Transcribe exactly, and without pictures, only the lines from the one bearing "Учители и ученици" through the final line of the data below.

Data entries
========================================================================
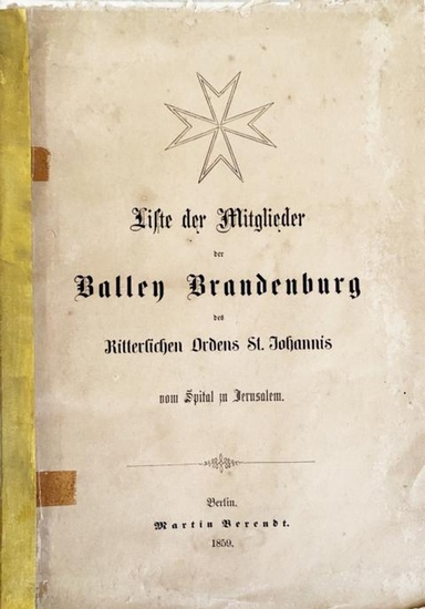 Liste der Mitglieder der Balley Brandenburg des Ritterlichen Ordens St. Johannis vom Spital zu Jerusalem. Berlin, Berendt, 1859. 2 Bll., 185 Seiten. Original Karton (etwas fleckig, Oberkante berieben, Rücken alt überklebt). Seltenes erstes Mitgliederverzeichnis der Balley Brandenburg nach der Wiederrerichtung 1852 (Auflösung im Jahre 1810) durch König Friedreich Wilhelm IV. von Preußen. Der König wollte seinem Adel einen diakonischen Auftrag verleihen und nahm damit Bezug auf die Ursprünge des Ordens. 1853 konnte so offiziell ein neuer Herrenmeister, Prinz Carl, der Bruder des Königs, gewählt werden. Die Wiedererrichtung stellte eine gelungene Symbiose aus Kontinuität und Tradition bei gleichzeitiger Ausrichtung und Strukturierung auf moderne Aufgaben dar. Zahlreiche Träger des Verdienstordens, wie auch Fürst Pückler, wurden als Ehrenritter in den wiederbegründeten Orden aufgenommen. PA3-81.
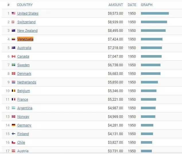 在大众认知中,可能认为沙特产富豪,殊不知,在几十年前,委内瑞拉也是全球发达国家之一,人均收入排在全球第4。
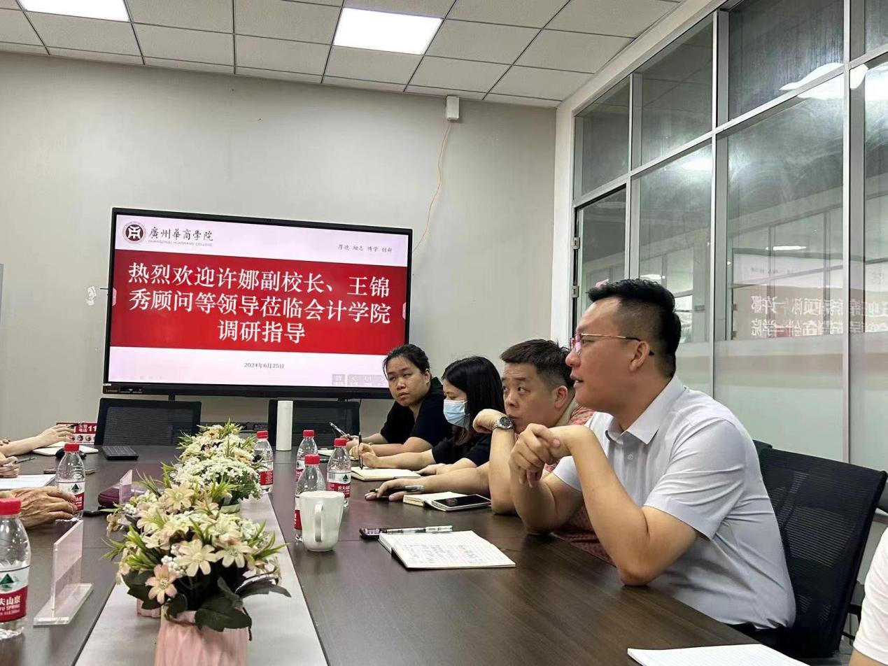 为了解学院学生工作情况,落实学校“十大工程”,推动学生工作高质量发展,2024年6月25日下午,许娜副校长、王锦秀顾问、学生处副处长马卉芳深入beat365中国官方网站开展调研工作。beat365中国官方网站党委副书记兼副院长陈洋广,学工办副主任杨烨瀚,各年级主任以及广州校区全体辅导员参加本次调研活动。本次调研交流会在beat365中国官方网站会议室举行,由陈洋广副院长主持。
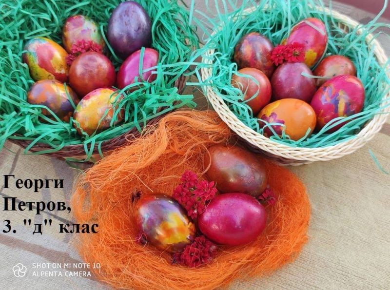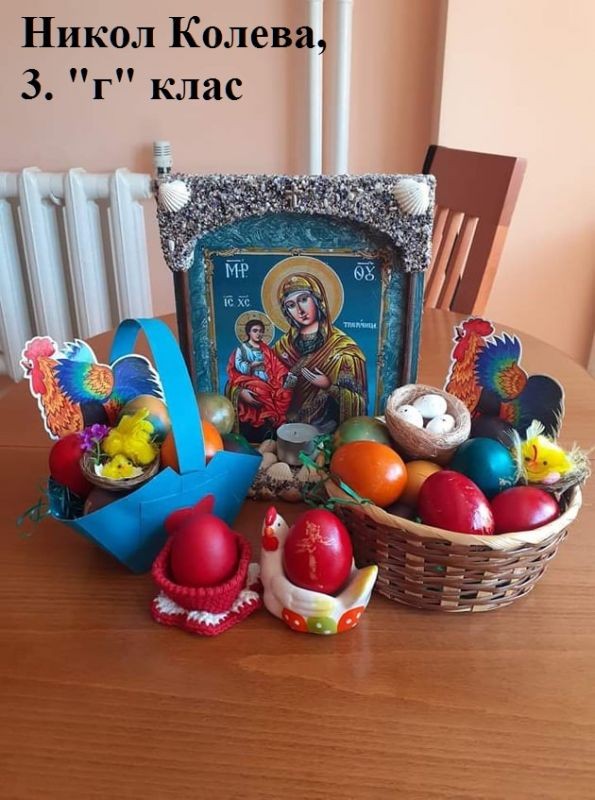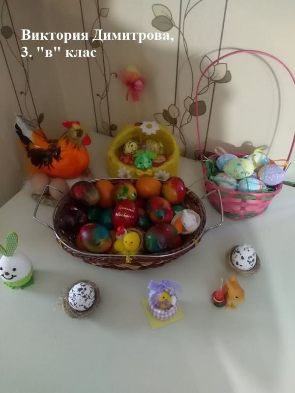 Учители и ученици от 3. клас от ОУ "Елисавета Багряна" подредиха изложба под надслов "Пъстър Великден". Те се обединиха в навечерието на светлия християнски празник и си подариха много настроение.
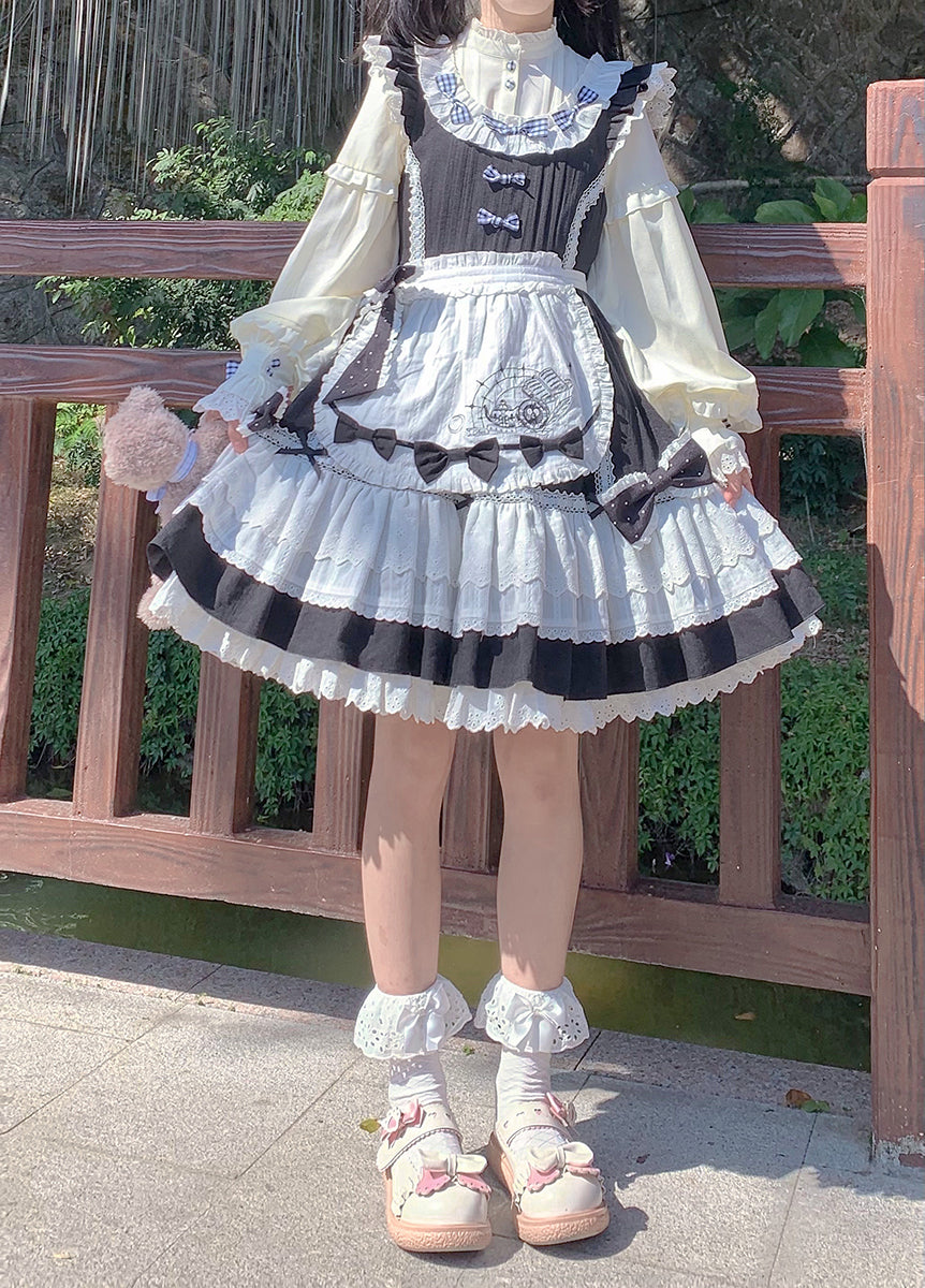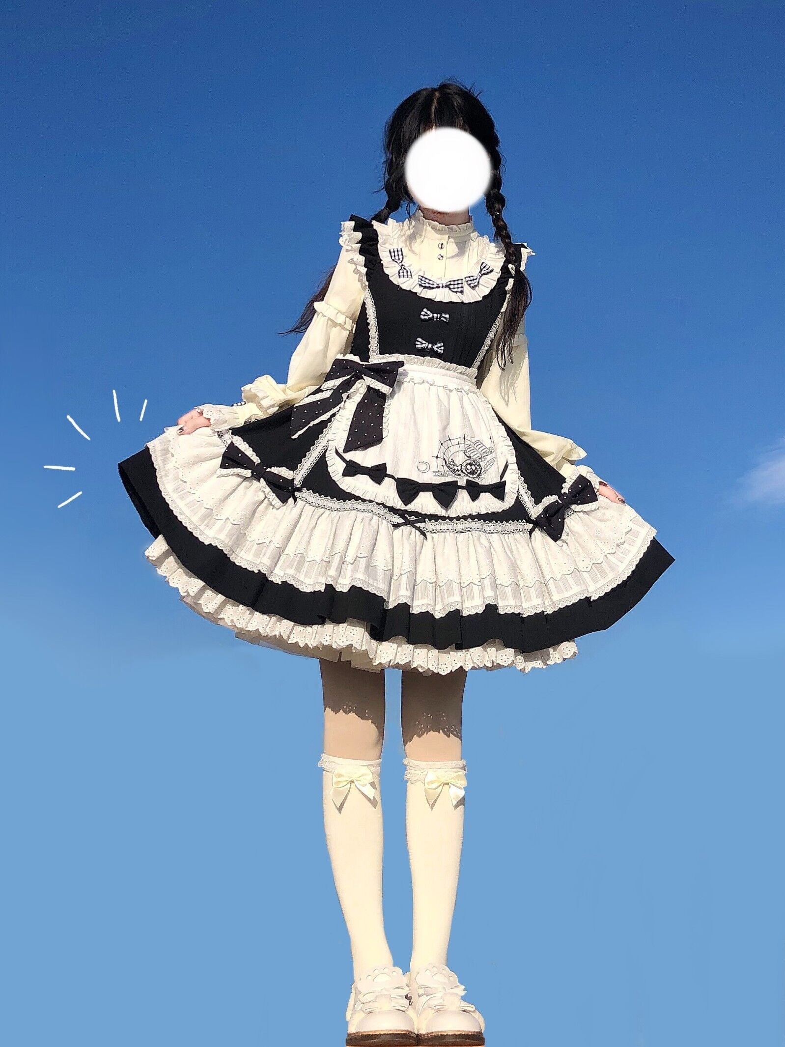 Colour: Black vest skirt + apron;Blue sundress + apron
========================================================================
▸ Exercise solution
 Учители и ученици от 3. клас от ОУ "Елисавета Багряна" подредиха изложба под надслов "Пъстър Великден". Те се обединиха в навечерието на светлия християнски празник и си подариха много настроение.
 Colour: Black vest skirt + apron;Blue sundress + apron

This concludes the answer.